3) If you must keep the gadgets, have a more robust auxiliary power system professionally installed. This will provide multiple power ports that are individually fused.
4) The ampacity rating of the fuse is to protect the wiring, not the device.
5) Cigarette lighter/ Aux. outlets were not designed for continuous maximum current draw.
There are many auxiliary fuse blocks on the market which may be installed in your vehicle. Your under-hood fuse/relay box should have fusible auxiliary outputs that you may use for installing such an item. Remember that the aux-block will require a larger gauge wire that will require a fuse in the under- hood fuse/relay box that is sized to protect that gauge of wire, or the fuse may be smaller.
Do not be afraid to overkill on the wire size, and undershoot on the fuse size. I'd run 8 gauge with a 30 amp fuse to the aux. fuse block, then have multiple 15 amp outlets that use 12 gauge wire.
This will allow for maximum protection off the wire, but will give you the ability to increase the fuse size if such an act is necessary.
Reply to
Which fuse blocks did you check? My '06 Silverado Duramax has one in the driver's side end of the dash and another under the hood on the driver's side. I don't know what is in which block.
Reply to
Ron Recer
I checked the ones near the engine compartment. Now that I think about it, I think that you are right, I should look for another one on the dash.
Reply to
From my cold dead fingers
I thought so, but aux fuse seems OK. I like the other poster's suggestions.
I would like to do this. Do you know how those are called, where can I start looking.
I would DEFINITELY want this. I have some 12v tools and such that I want to be properly powered.
Is that regular car mechanics that do it, or some special outfits?
I am moderately handy, as in, I can fix welding machines, diesels etc (simple fixes only), but I would like this done nicely and properly.
Reply to
Just make sure that you don't use crappy wire crimpers and pull test each termination. If you can't put 15 pounds of tug on the terminal, well, the wire pops out.
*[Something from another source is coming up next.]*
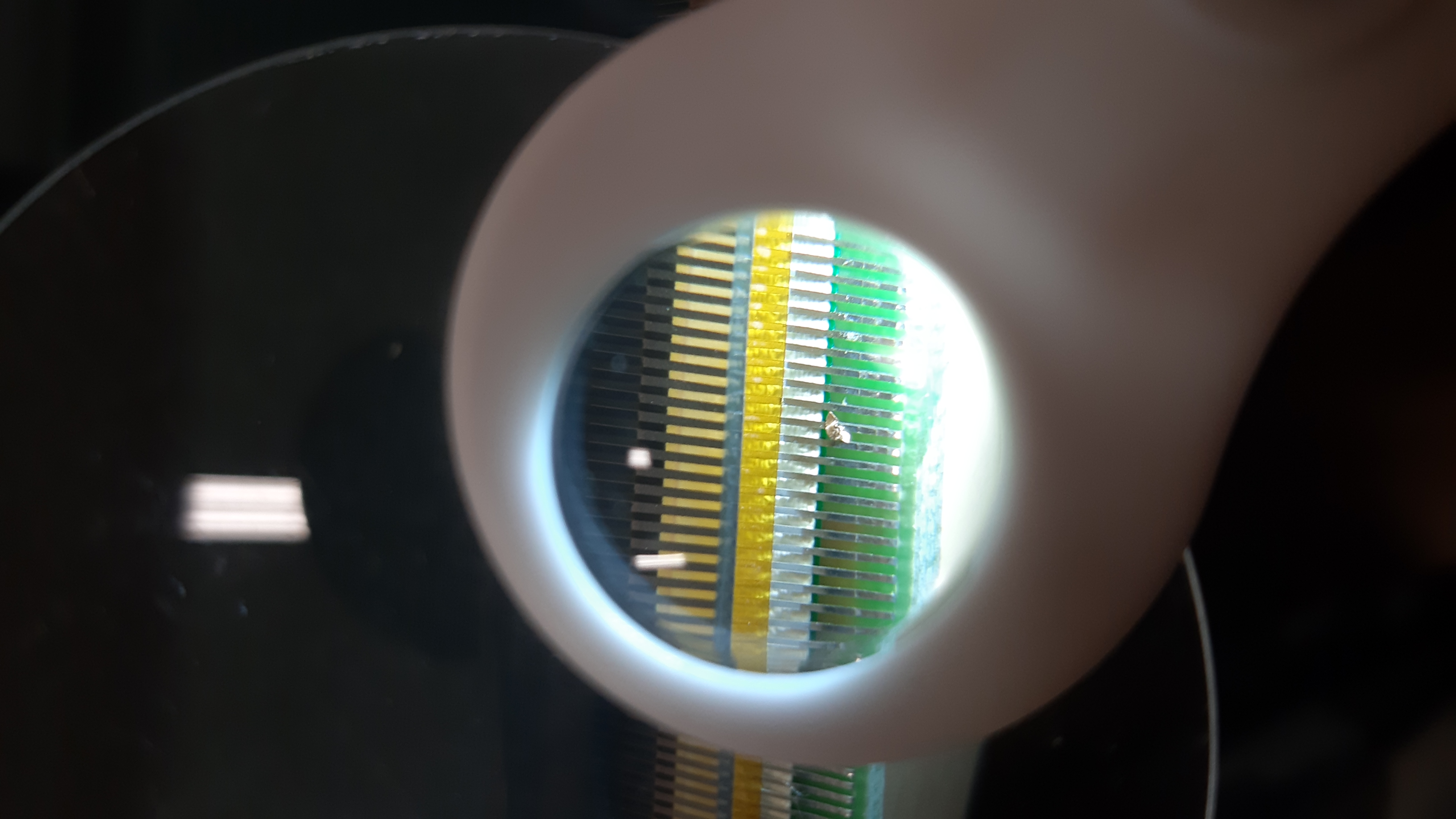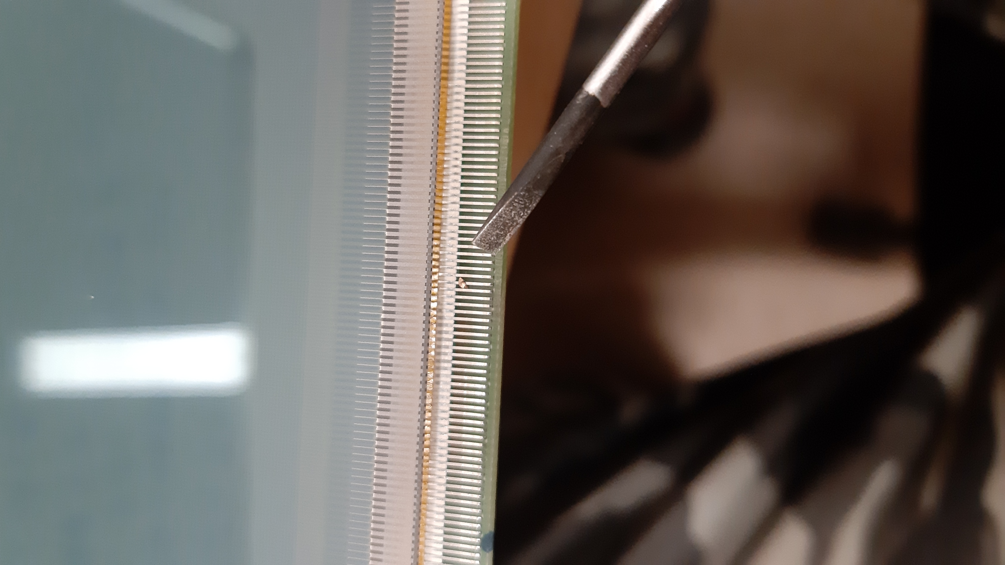 Já myslím, že oprava toho displeje asi nebude pro mě správná cesta. Je to strašně titěrný, pod lupou jsem na flexibilním spoji našel miniaturní šponku asi mosaz. Viz. foto. Ten displej je přilepený na vícevrstvým tišťáku a kolem dokola je napařený ten flexibilní spoj (nepájitelný, je to cca 0,1 rastr). Myslím, že náhrada za jiný displej bude dobrá volba.

Not good.
Reply to
I crimp stuff all the time, my crimps are decent. I usually use a pneumatic crimper.
Now, my other question is, where to plug in that fuse block, I mean into which part of the truck's electrical is it usually plugged in.
Reply to
Pop the under-hood fuse/relay box cover and look for some metal plates that have a threaded hole. You will have to run wire from that point out of the box and through the firewall. That's the easiest location that has a workable terminal size and a built in fuse placement.
If your choice is to mount the new fuse-block under the hood and run multiple wires through the fire-wall, the above location or the main junction block may be used. A factory terminated cable might work for this if you are willing to run it un-fused to the new fuse-block, or you may get a fusible link that is factory terminated. Just make sure that the wire does not rub on anything and get some of that split tube to wrap it with.
Reply to
I checked the panel near the driver (inside the cab).
There was a AUX fuse in it, however, it was not blown. I think that a wire going into the AUX socket got unsoldered due to temperature rise from poor contact.
That should be easy to fix, but also, I will install a proper fuse block and will connect some loads (like inverter) to that instead of the cigarette style AUX socket.